枯渇する海洋資源。持続可能な利用推進を

 年々、日本の漁獲高が低下し、価格が上がるサンマ。先月13日から札幌市において、サンマなどの資源保護について話し合う国際会議が始まり、日本政府は初めて、国と地域別の漁獲制限を提案しました。加盟国は、日本や中国、台湾など8つの国と地域。サンマをめぐっては、北海道や東北などでの水揚げ量は減少している反面、中国の年間漁獲量は2012年からの4年間で約30倍に激増、台湾の年間漁獲量も4年連続で日本を上回っています。日本の水域に到達する前のサンマを太平洋沖で乱獲しているのではないかと懸念されているのです。
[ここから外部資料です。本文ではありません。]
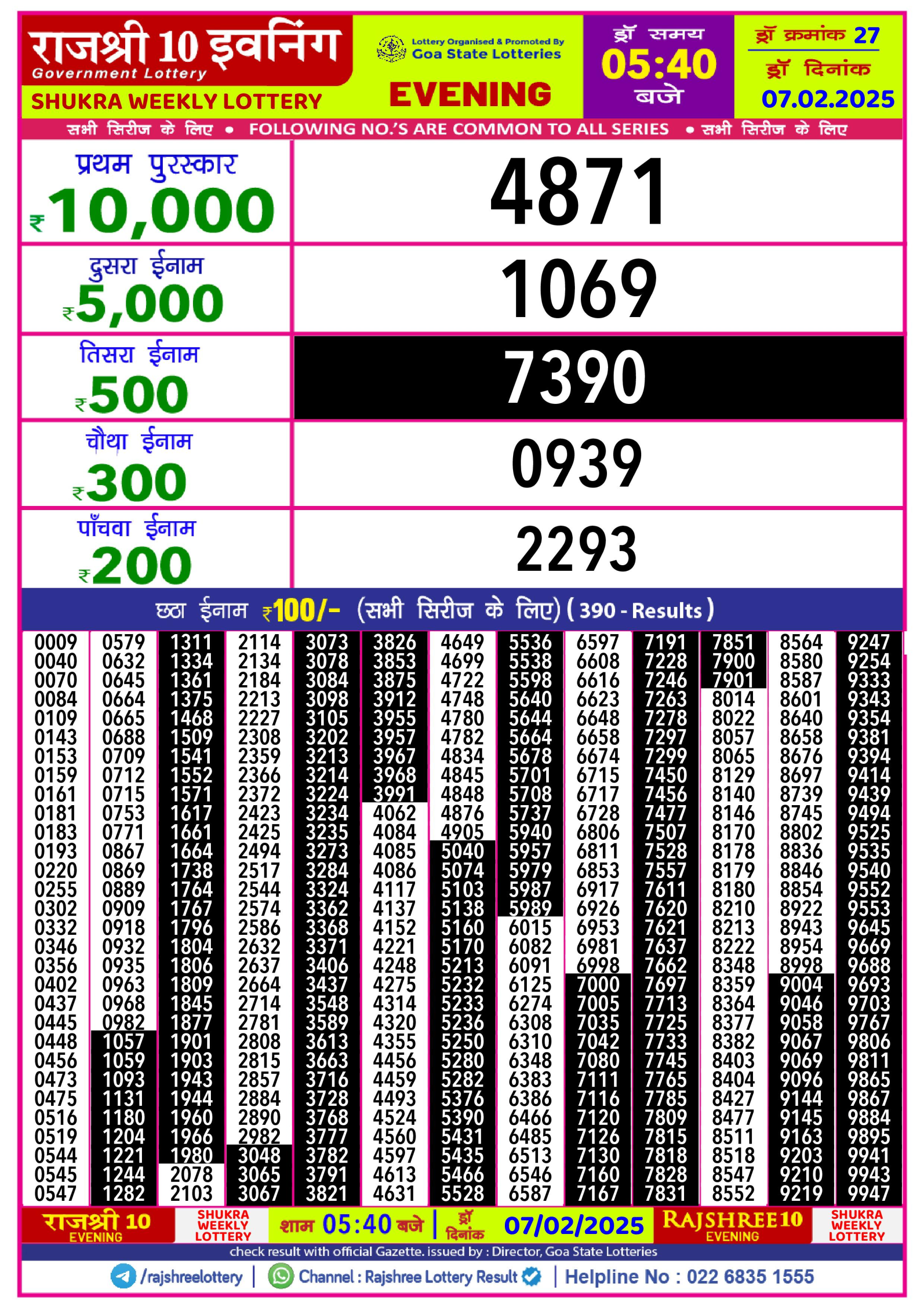 राजश्री 10 लाटरी का का शाम 5.40 बजे का रिज़ल्ट दिनांक 24.9.25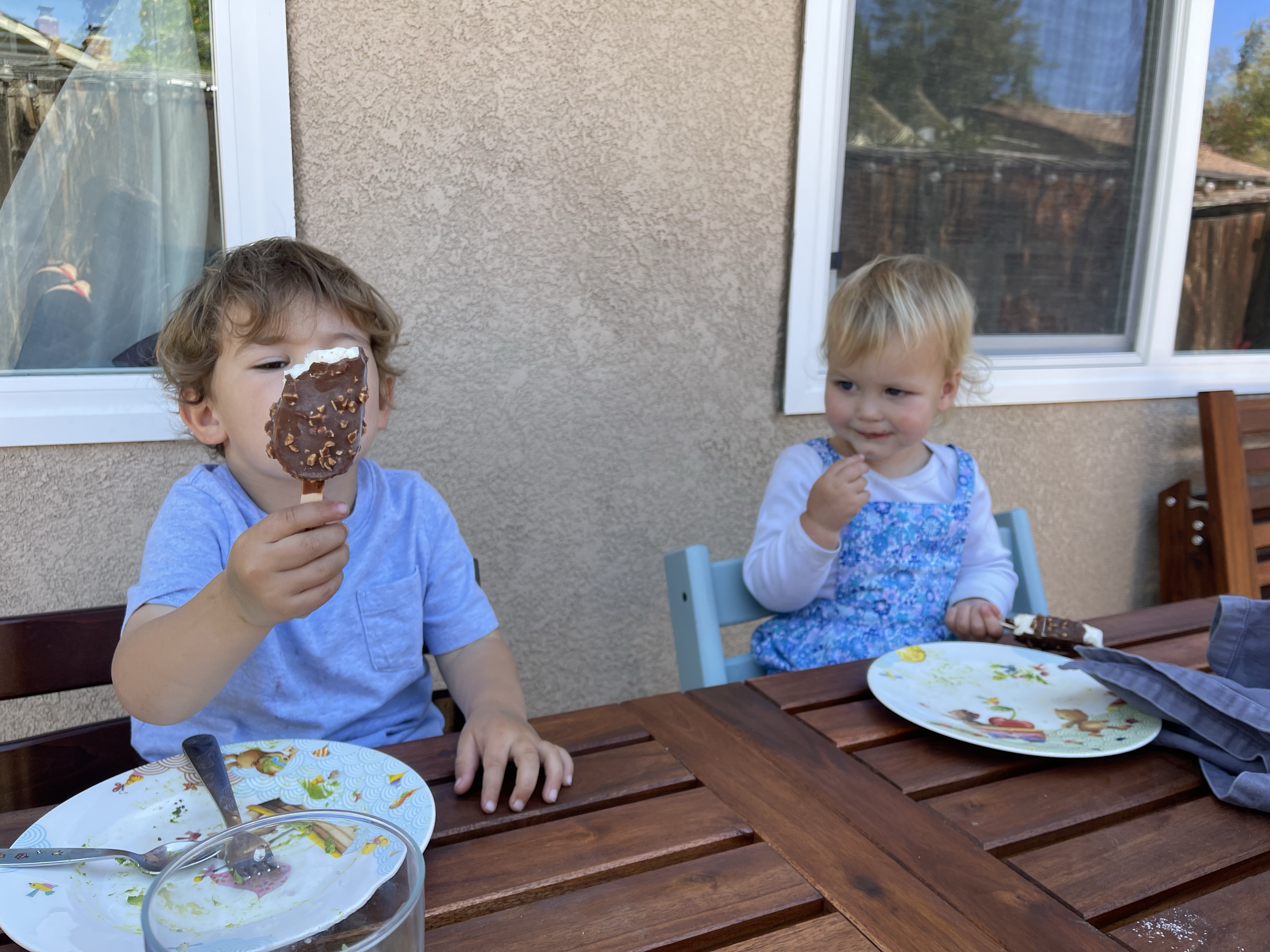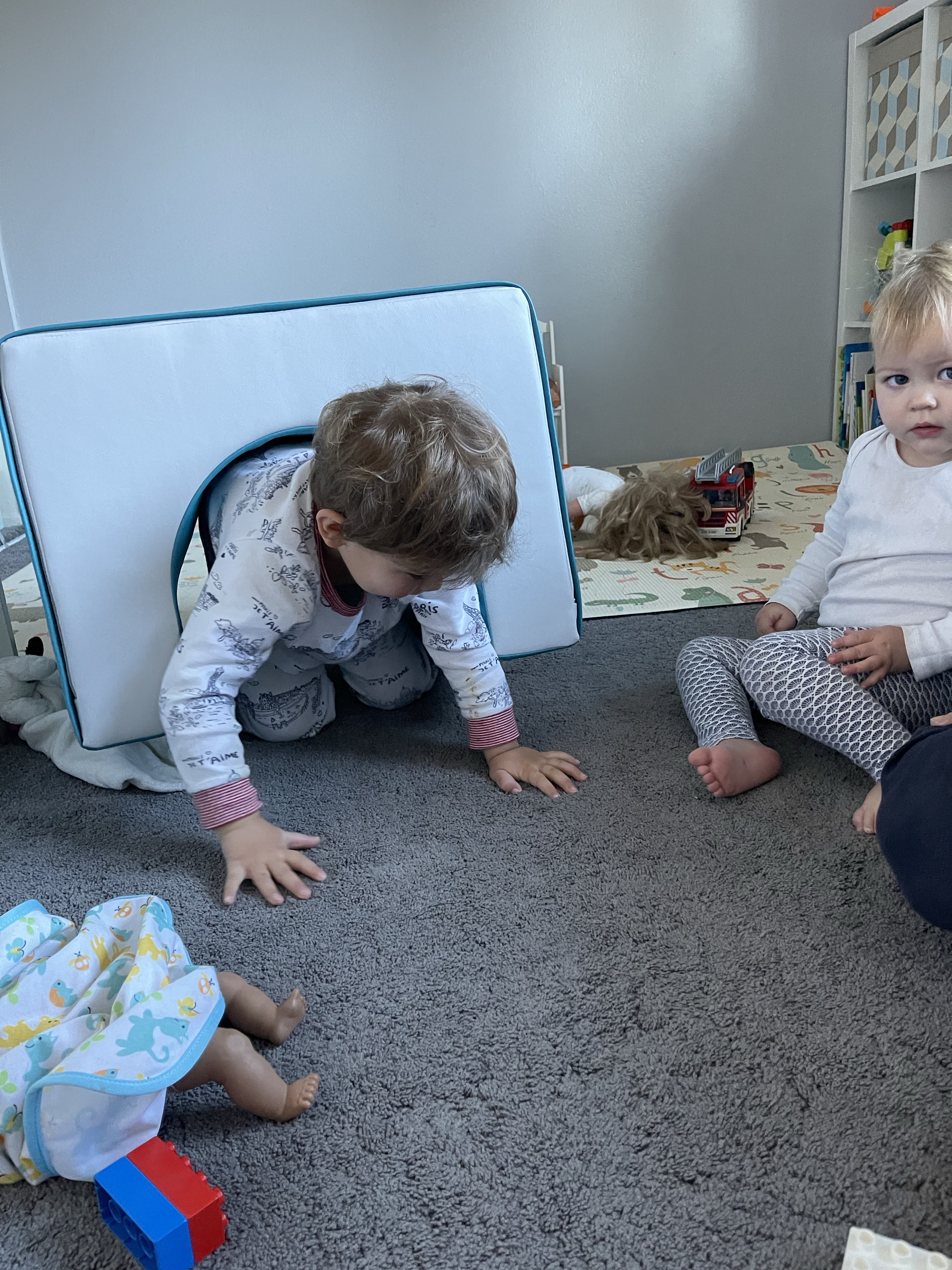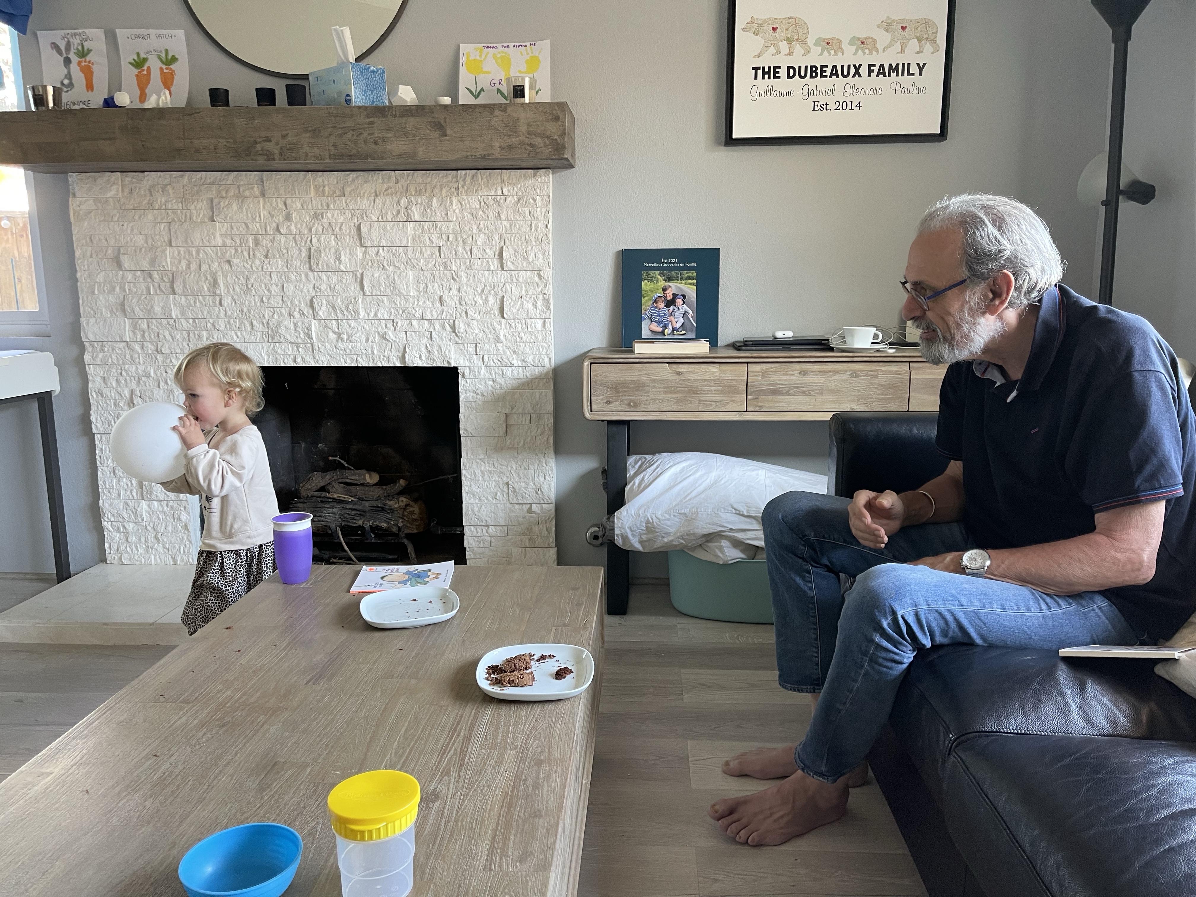 Comme à leur habitude, les enfants courent de partout (enfin Gabriel, car Eleonore est un peu éteinte depuis quelques jours et passe la plus grande partie de son temps dans les bras)

日本の提案に対して、中国も台湾も反発。合意には至りませんでした。
 一方米国・NY。5/31、サスティナブルと地産地消をテーマに掲げる寿司店「マヤノキ」がオープンしました。この店は、カリフォルニア州・モントレーベイ水族館が開発した、持続可能な魚介類を見分けるアプリ「シーフードウォッチ」を使用。ネタに表示しています。魚介の種類を入力すると、絶滅危惧種なら赤、現状で問題ない種は黄、まったく問題ない種には緑のマークが出現。同じ種類でも、産地によってマークの色は異なるといいます。これに則り、「マヤノキ」では、赤マークの魚介類は決して使わず、代わりに、NY近郊や東海岸産の新鮮なネタを提供しています。
 日本においても、漁船の網にかかっても無名のため捨てられてしまう未利用魚を寿司ネタに利用。珍しさや希少性が話題になって繁盛している寿司店があります。店側にとっては食材費が抑えられ、客側にとっては新しい出会いがあり、両得です。
 きっと世界中のどの国よりも海の恵みを享受し、それを食文化にまで昇華させた日本。今こそ、枯渇の一途を辿る海洋資源の持続可能な利用を推進する模範国となるべきではないかと思います。